It is a pleasure to serve under your chairship, Ms Lewell. I declare an interest as a member of the Women and Equalities Committee. Improving the quality of healthcare is a cause close to my heart, and I am pleased to be joined by my fellow Boltonian, my hon. Friend the Member for Bolton South and Walkden (Yasmin Qureshi). I would also like to highlight the work of my friend and neighbour, my hon. Friend the Member for Bolton West (Phil Brickell), who is unfortunately unable to join us today, but who I know has been strongly campaigning for a new neighbourhood health centre in Westhoughton, and I pay tribute to that work.
For too long, healthcare in Bolton has been treated as a technocratic policy area rather than a vital lifeline. My constituents are not concerned with acronyms or distant targets; they want answers to real, human questions: “Can I get a GP appointment when my child is ill?”, “Will my mum be seen in A&E within hours, not half a day?” and “Will my toothache be treated before it turns into an infection?” This is about fairness; it is about whether towns like mine get our fair share.
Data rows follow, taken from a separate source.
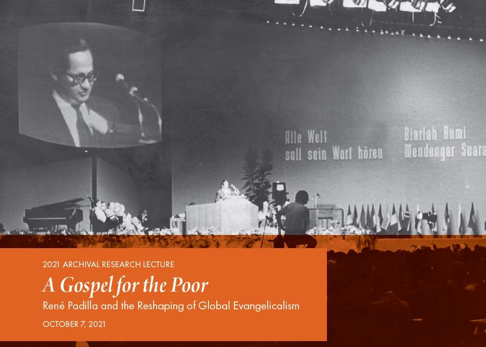 While much of the work of archives takes place behind the scenes, both with archivists in stacks and researchers in reading rooms, this month we invite the wider community into the Archives through the 2021 Archival Research Lecture, A Gospel for the Poor: René Padilla and the Reshaping of Global Evangelicalism, presented by Dr. David Kirkpatrick at Wheaton College on Thursday, October 7th.
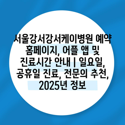 서울강서강서케이병원 예약 홈페이지, 어플 앱 및 진료시간 안내 | 일요일, 공휴일 진료, 전문의 추천, 2025년 정보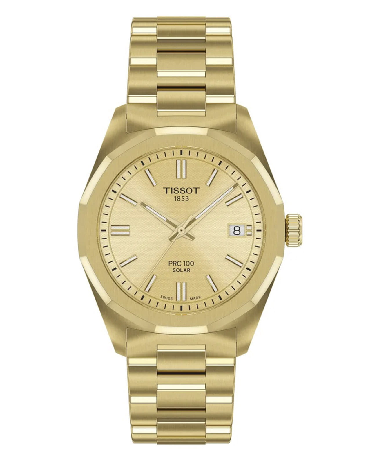 Женские кварцевые часы Tissot PRC 100 T1518223302100 — это стильный аксессуар, сочетающий в себе элегантность классики и передовые технологии. Модель выполнена в круглой форме из нержавеющей стали 316L с PVD-покрытиемPVDУльтратонкое покрытие наносится в технике вакуумного напыления, сочетает в себе нитрид титана особой прочности со слоем золота или оксида хрома. Несёт в себе декоративную или защитную функцию. цвета жёлтого золота, что придаёт ей благородный внешний вид и устойчивость к царапинам. Циферблат цвета шампань дополнен индексами, а его поверхность защищена сапфировым стекломСапфировое стеклоПрочный и надёжный материал из кристалла сапфира синтетического происхождения, характеризующийся особой твёрдостью и устойчивостью к царапинам и повреждениям., устойчивым к повреждениям. Стрелки и метки имеют люминесцентное покрытиеЛюминесцентное покрытиеПозволяет считывать показания времени в темноте. Производители наносят на стрелки, часовые индексы, безель или поверхность циферблата светонакопительный состав, дающий холодное свечение. Super-LumiNova®, обеспечивающее отличную читаемость даже в условиях слабого освещения. Часы оснащены солнечным кварцевым механизмом швейцарского производства, который обеспечивает точную работу и минимальное обслуживание. Браслет из нержавеющей стали с покрытием цвета жёлтого золота оснащён застёжкой-бабочкойЗастёжка "бабочка"Такой вид застёжки дополняется предохранителями, помогающими избежать случайного раскрытия браслета. Обладают изящным исполнением. , обеспечивающей комфорт и надёжную фиксацию на запястье. Ремешок является быстросменным, что позволяет легко менять его по желанию. Водонепроницаемость позволяет использовать модель при плавании и других водных активностях без глубокого погружения. Гарантия 3 года подтверждает качество и долговечность изделия. Эти часы станут универсальным аксессуаром для тех, кто ценит сочетание стиля, функциональности и швейцарского мастерства — идеальный выбор для повседневной носки и активного образа жизни.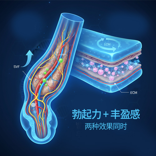 抽取自身脂肪,分别分离SVF(脂肪干细胞)和ECM(细胞外基质),注入海绵体和阴茎真皮,可同时实现勃起力和阴茎体积改善的再生治疗。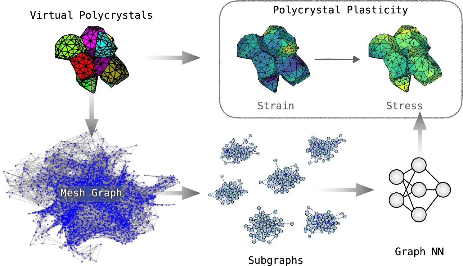 Stress predictions in polycrystal plasticity using graph neural networks with subgraph training. Computational Mechanics (2025). [Cite]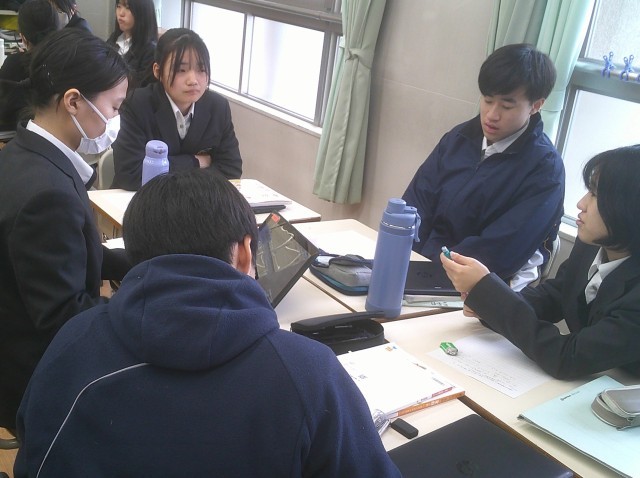 課題”京町家を未来に継承していくために、どのようなことをしていくとよいでしょうか”について、グループで話しあい、発表し、発表したことにコメントをいただきました。大学の建築学科で授業に盛り込む、SNSで発信、住宅の展示コーナーに京町家のことも入れるなど、いろいろな案がでてきました。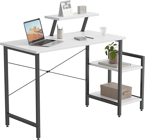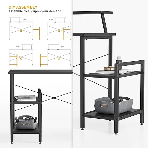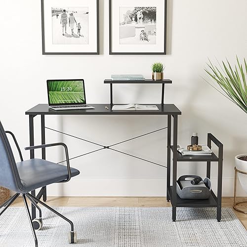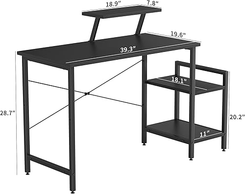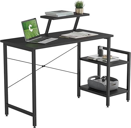 CubiCubi Petit Bureau d'ordinateur Informatique 80 * 50 cm - PC Gaming Table Stable avec 2 Étagères Mobiles et Support d'écran, Montage Facile pour Travailler Etudier Jouer Chambre Domicile, Noir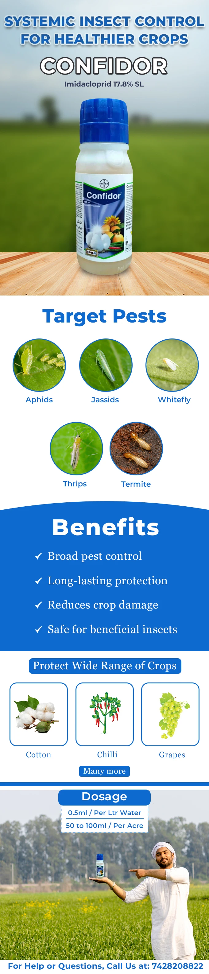 Bayer Confidor insecticide is effective against pests like Aphids, Jassids, Thrips, Whiteflies, Brown Plant Hoppers, White-Backed Plant Hoppers, Green Leaf Hoppers, Termites, Thrips, Leaf miners, Psylla, and Flea beetles.
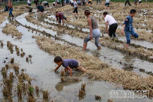10月1日,游客在安顺市平坝区白云镇体验农耕生活活动上体验抓鱼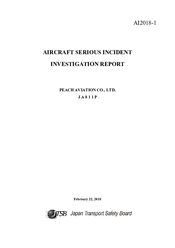 Final Report A320 (JA811P), Tokyo Haneda Japan, 22 Dec 2016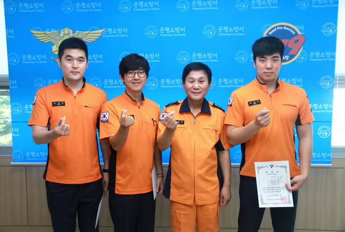 29일 은평소방서는 신속·정확한 현장 응급처치와 병원이송으로 심정지 환자를 소생시킨 구급대 박형우ㆍ유승현ㆍ이재은 소방사에게 하트세이버 증서를 수여했다. 사진은 심재강 서장과 소방사들이 기념촬영을 하는 모습.(사진제공=은평소방서)

My message is simple, and I will repeat it: Bolton must not be left behind—not in GP access, not in A&E rates and not in dentistry.
Everything I say today is drawn from the lived experiences of people in Bolton. Earlier this year, I held a local consultation on the NHS 10-year plan. The response was overwhelming. Boltonians care deeply about our NHS and, as a result, they brought ideas, energy and hope, as well as far too many stories of delays, confusion and dignity under pressure. I promised I would bring their voices here today and speak plainly about the state of healthcare in our town.
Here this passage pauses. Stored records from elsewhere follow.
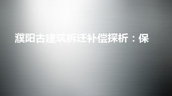 濮阳是我国历史文化名城,拥有丰富的精神文化遗产,包括最著名的郑国渠。 拆迁补偿中,必须保证文物的保存,不能因为发展而牺牲它们。此外,还应该加强对文化遗产的科学研究,发掘价值,传承文化,以保护文化遗产,推动历史文化发展。
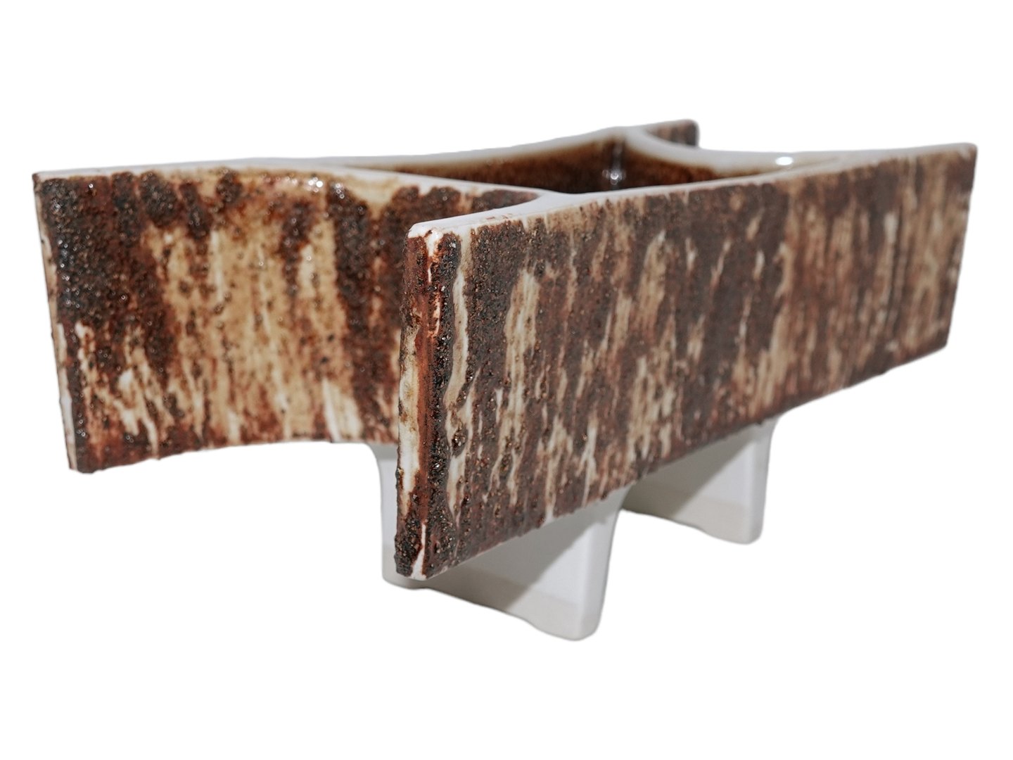 Yamasan Ikebana keramik fra Japan, skulpturel skål på fire fødder fra ca. 1960 til 1970.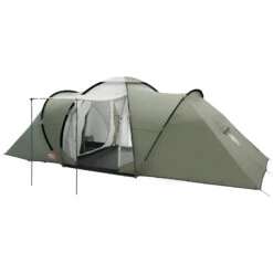 Das Ridgeline Plus von Coleman für 6 Personen ist ein großes und komfortables Kuppelzelt mit 2 separaten Schlafkabinen, dazwischen liegt der Wohnbereich. Das Zelt hat zwei Eingänge, zwei Ventilationsklappen, zwei Innentaschen, einen Kabelschlitz, eine wasserdichte Bodenwanne und das Zeltmaterial ist schwer entflammbar.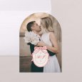 Agradece a tu familia y amigos su presencia en vuestro día con esta bonita tarjeta de agradecimiento de boda. En formato de arco que se puede personalizar tanto en la cara como en el dorso con vuestra foto y el mensaje que queráis transmitir.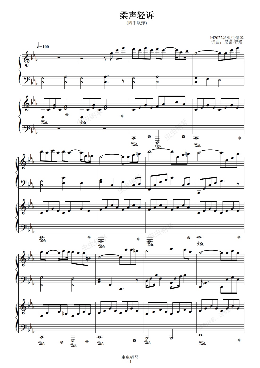 钢琴谱:柔声轻诉-四手联弹-Speak Softly Love-教父主题曲

Let us be honest: by the time Labour came in last year, Bolton’s NHS was stretched to breaking point, with patients waiting, staff exhausted and services fraying. At Royal Bolton hospital, our A&E was among the worst performing in England-, at one point in the bottom 5%. Local residents were waiting 12 or 13 hours to be seen, with elderly patients on trolleys overnight and small children with high fevers stuck in crowded corridors. That was unbearable, and evidence of more than a decade of neglect. By the time of last year’s election, waiting lists were in crisis, with more than 600 people in Bolton waiting over 65 weeks for treatment—well over a year. Behind every wait was a life on pause: a knee that would not bend, a lump not yet diagnosed, a life put at risk.
That crisis did not happen overnight; it came from choices—14 years of underfunding, frozen capital budgets and ignored warnings about staff shortages. Public health budgets were cut by more than a quarter. That neglect hit towns like Bolton hardest, because when you start with older buildings, higher rates of illness and fewer GPs, cuts hit twice as hard.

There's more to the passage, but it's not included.